Ashi Kyōdō (1808-1895)

Jizō and Enma Playing Music Together

Inv. Nr. #19.041
Date Late Edo period, between 1853-67
Material Ink and light colors on paper
Dimensions H 122 x W 69,7 cm (30,9 x 57,8 cm)

Comes with fitted wooden box.

Price on request

Hanging scroll by Ashi Kyōdō (1808-1895) with a painting of Jizō and Enma playing music together. Jizō and Enma are two antagonistic figures in Asian mythology. Enma, more closely associated with Daoism and known in Chinese as Yanluo, is the King of Hell, understood to be the judge and overseer of death.

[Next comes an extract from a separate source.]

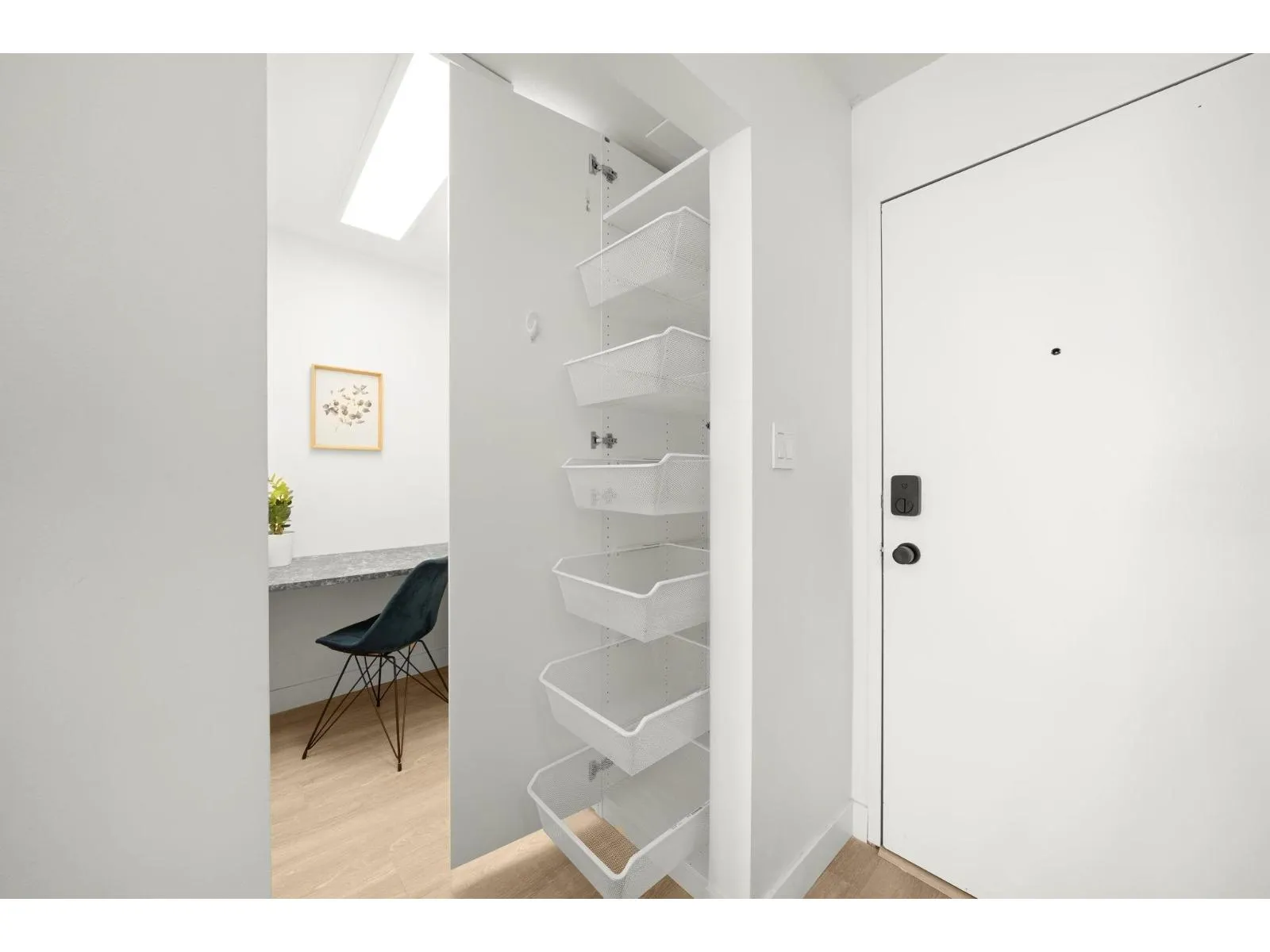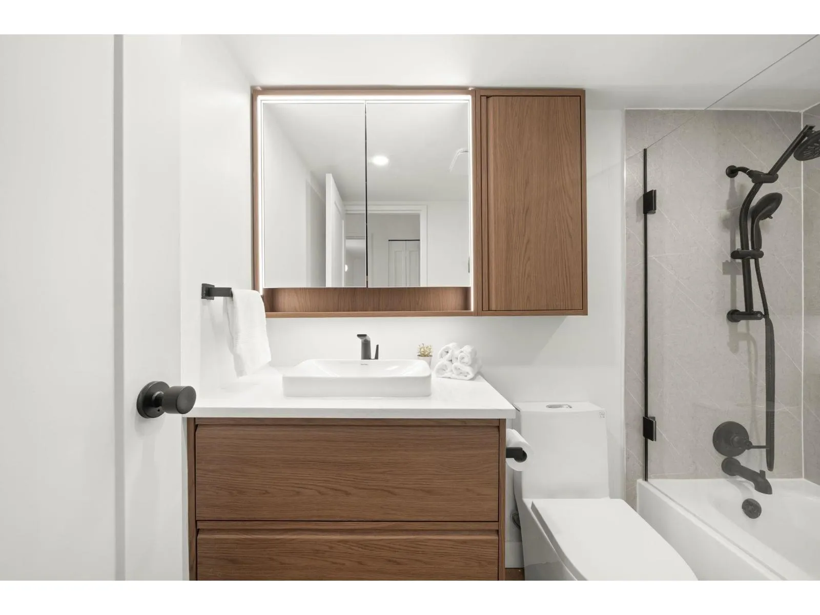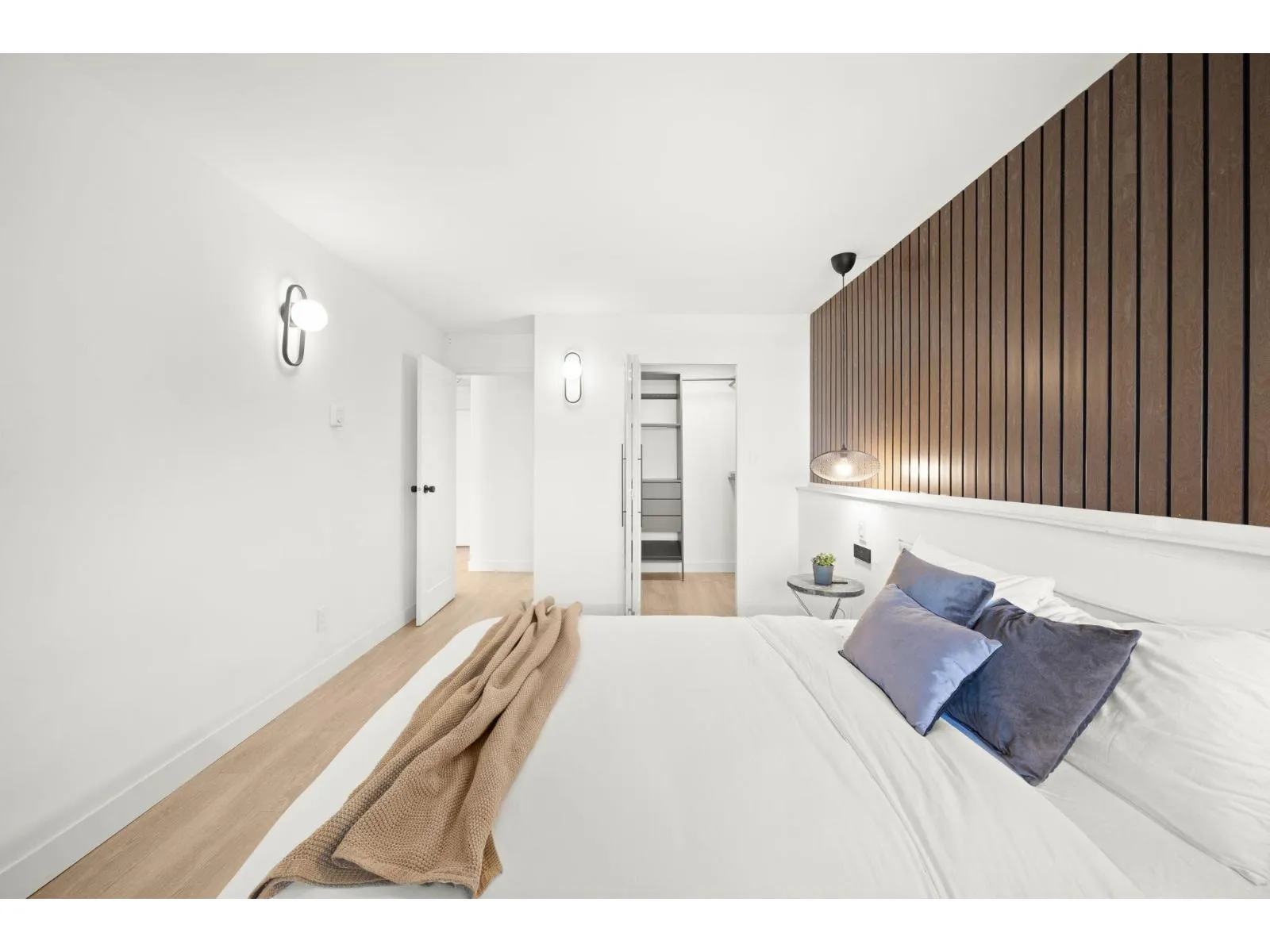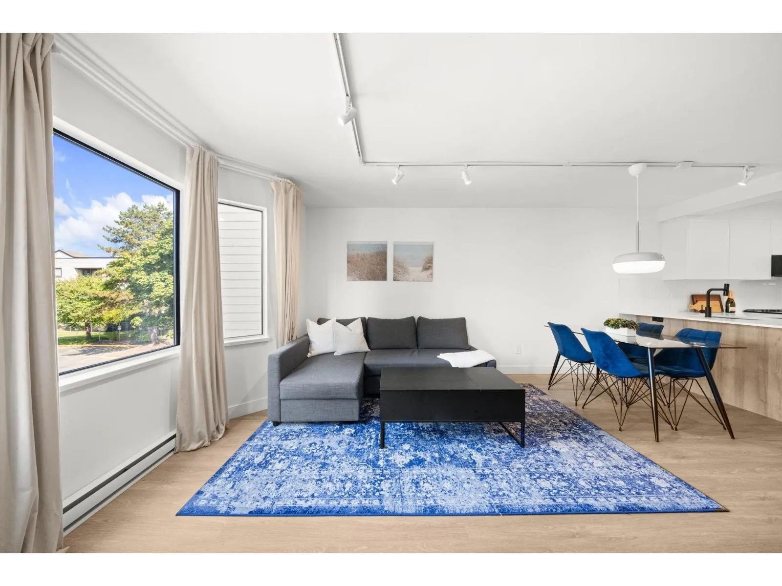 Thoughtfully and thoroughly renovated 1 bed + Den. Feels like a brand new home starting w/ the Open concept kitchen equipped w/new quartz counters, Custom cabinets, appliances, work station sink + integrated panel fridge! Spacious living room w/ beautiful vapour fireplace, built in cabinet, loads of natural light + space for dining area! New Vinyl plank flooring throughout + new front closet/bench! A small Den with storage cabinets and office space ready to use or customize for your needs. Large Bedroom with room for a king bed + a walk in closet! Fully re done bathroom w/ beautiful vanity, mirror cabinets + glass tub/shower. Quiet location on a dead end road. Central location just minutes to future skytrain, parks, walking trails, shopping,restaurants and more! Open Sunday Feb 15th 2-4PM (id:27476)

Jizō, on the other hand, known in Sanskrit as Kshitigarbha, is a Buddhist bodhisattva, often depicted as an ordinary monk in Buddhist robes with a shaved head. He is regarded as the savior of souls, helping the dying to find a safe passage to the afterlife. He can also travel to King Enma's realm to rescue children and sinners from hell.

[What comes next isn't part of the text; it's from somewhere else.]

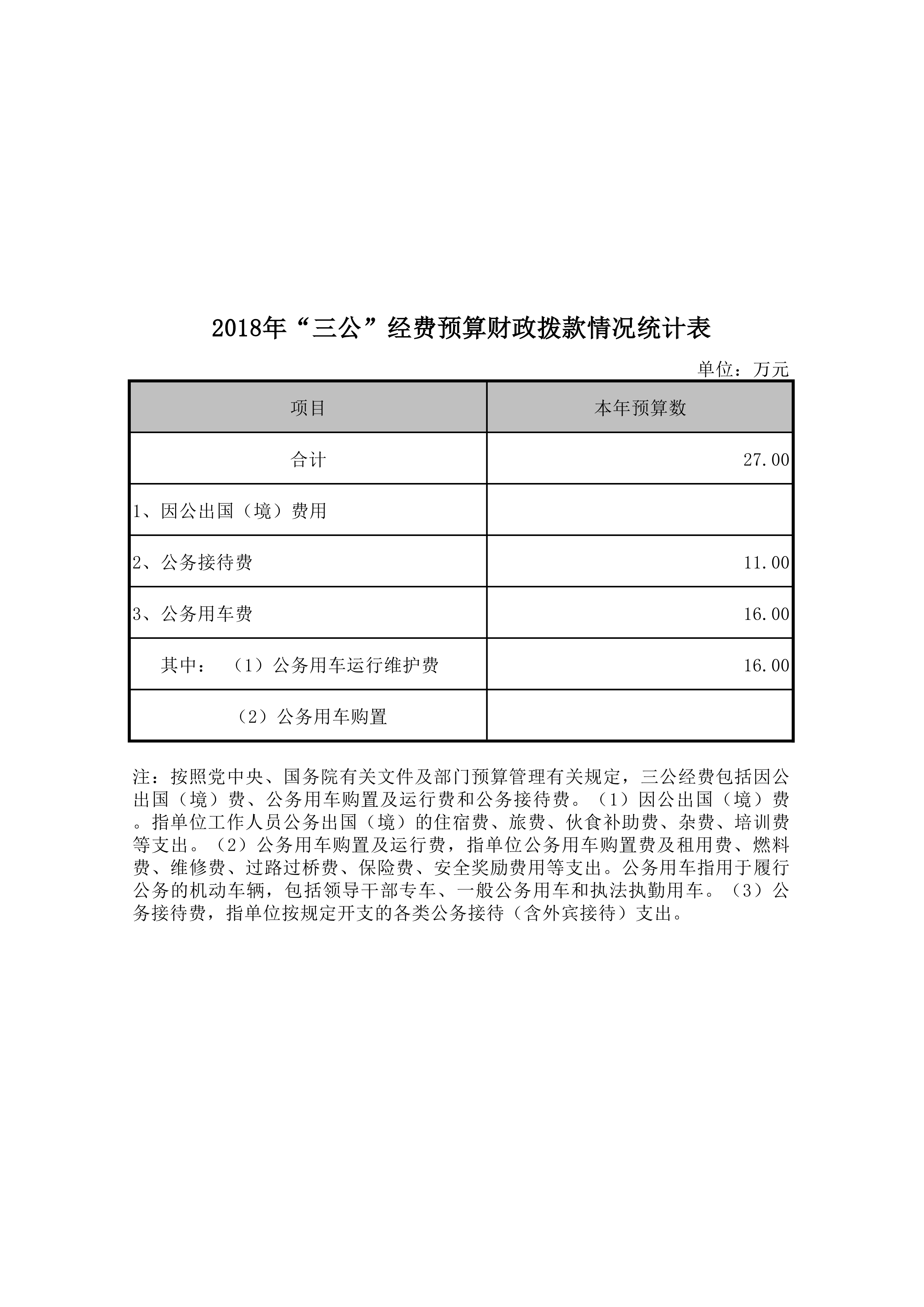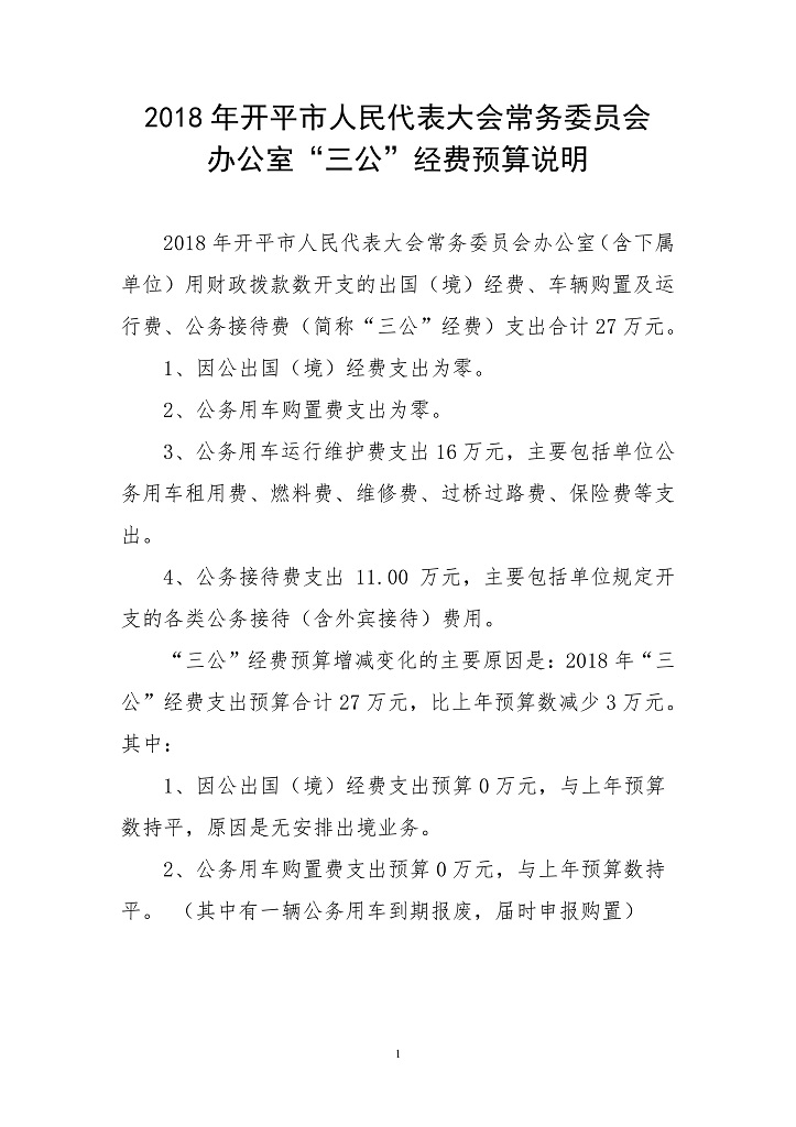 2018年开平市人民代表大会常务委员会办公室“三公”经费公开情况

In this fantastic and profound painting, these two antagonistic figures play leisurely music together, and the Zen priest Ashi Kyōdō described the scene in his inscription:

Jizō and Enma playing music together on a flute and a lute. Both Heaven and Hell took a day off to enjoy the music, regardless of demons and saints. They really enjoy the time. A new wave of civilization is coming over Heaven and Earth, just as it is coming over the secular world. Hanazono, Given Purple, Written by Kyōdō

In his inscription, Kyōdō uses the expression bunmei kaika 文明開化, which can be translated either as "enlightenment and opening" or "development of cultural civilization". It was a central term used by the forces of the Meiji Restoration in Japan. In the unstable political times of the late Edo period (1603-1868), the image of Jizō and Enma playing music together is a wonderful symbol of both the Zen Buddhist approach of liberation from dual distinction and the overcoming of the antagonistic political forces of the late Edo/early Meiji period. It is therefore a wonderful symbol of pacification.


The depiction of Jizō playing the flute with an upturned lotus leaf on his head is an extremely rare and innovative depiction that may have been created by Kanō Tan'yū (1602-1674). The few known similar paintings of a flute-playing Jizō are by Tan'yū (e.g. in the MET and MIA) or his followers. However, none of the known examples are paired with a lute-playing Enma. Since the brushwork of the painting is extremely fine and precise, it is most likely that this painting was not created by Kyōdō himself, but painted by a 19th century Kanō School master as a remittance work for the famous Zen master.

Ashi Kyōdō, born in 1808 in Izumi (now part of southern Ōsaka province), was a famous Rinzai Zen monk of the late Edo and early Meiji periods. He became the 290th abbot of Tōfuku-ji in 1877 and the 544th abbot of Myōshin-ji, the main temple of the Rinzai school, in 1889. Died in 1895.